Although Ahmed recalls his grandfather using bulls to pull water from the wells many years ago, and also having viewed the game from close quarters in Barka (he hails from Barka), he has never had the chance to play the game.
Ahmed’s brother-in-law, Abdullah Ahmed Al Balushi, however, is an expert on the game and the former has managed to glean enough technical information on the sport from the latter.
“Zampth actually means a race of sounds. A musical contest in a way.
The main component of the game is the hathbat manjur, the shaft of the pulley. The pulley is called the manjur.

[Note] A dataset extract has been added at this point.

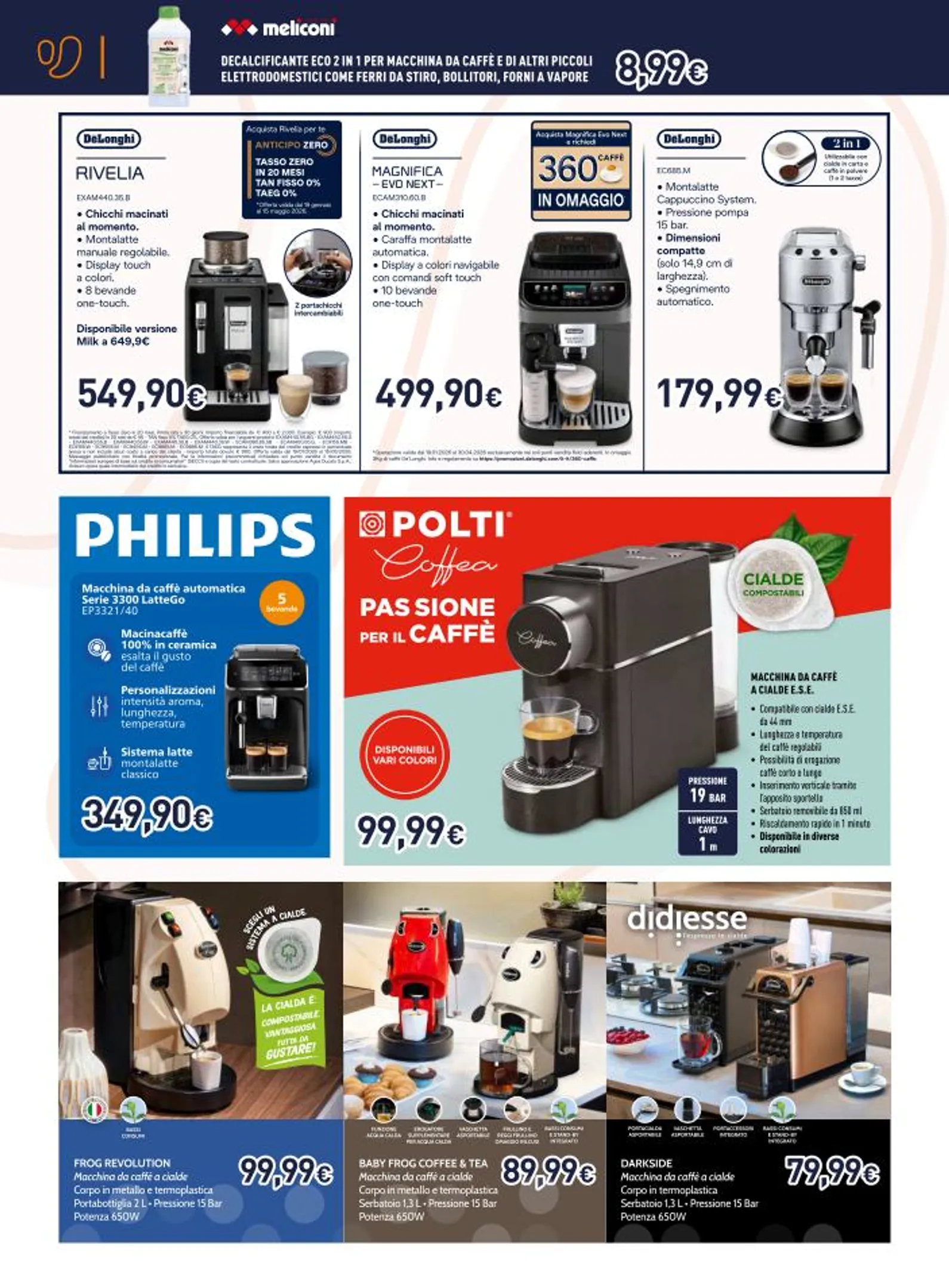 Gli amanti del caffè troveranno un vero paradiso di opzioni. De’Longhi presenta modelli automatici di alta gamma come la Rivela a 549,90€ e soluzioni più compatte come la EC685.M a 179,99€. Per chi preferisce la praticità delle cialde o delle capsule, la scelta è vastissima: dalle colorate Polti “Passione per il Caffè” a 99,99€ alle iconiche Frog Revolution e Didiesse Darkside. Non mancano le proposte Nespresso, con modelli come la Essenza Mini a 89,99€, e le macchine Nescafé Dolce Gusto Genio S a soli 64,99€. Ogni macchina è progettata per esaltare l’aroma e il gusto del caffè, trasformando la pausa quotidiana in un momento di puro piacere.

The sound is produced by the shaft, which is very expensive to carve out. It takes nearly two to three months to make one. During the game, these shafts are tested for best performance. The team will climb up the poles and keep changing shafts and testing. It is a long process. If they shortlist a shaft, they will keep it aside for use at the last minute as a surprise introduction.
When the manjur is set up, the rope actually pulls up a 20-25 kgs rubber water carrier every time. So it is not an easy game. It needs arm power, stamina and loads of patience.
“Zampth is played in the dark to maintain the serenity in the area and that it does not disturb the neighbourhood in anyway. It is a game that can be played only at night because the wooden shaft requires moisture to help produce the best sounds. The heat and light of the sun in day time will cause the wood to dry up and will not produce sounds. Plus the hot climate will drain us all physically. Nights are cooler for the sport.”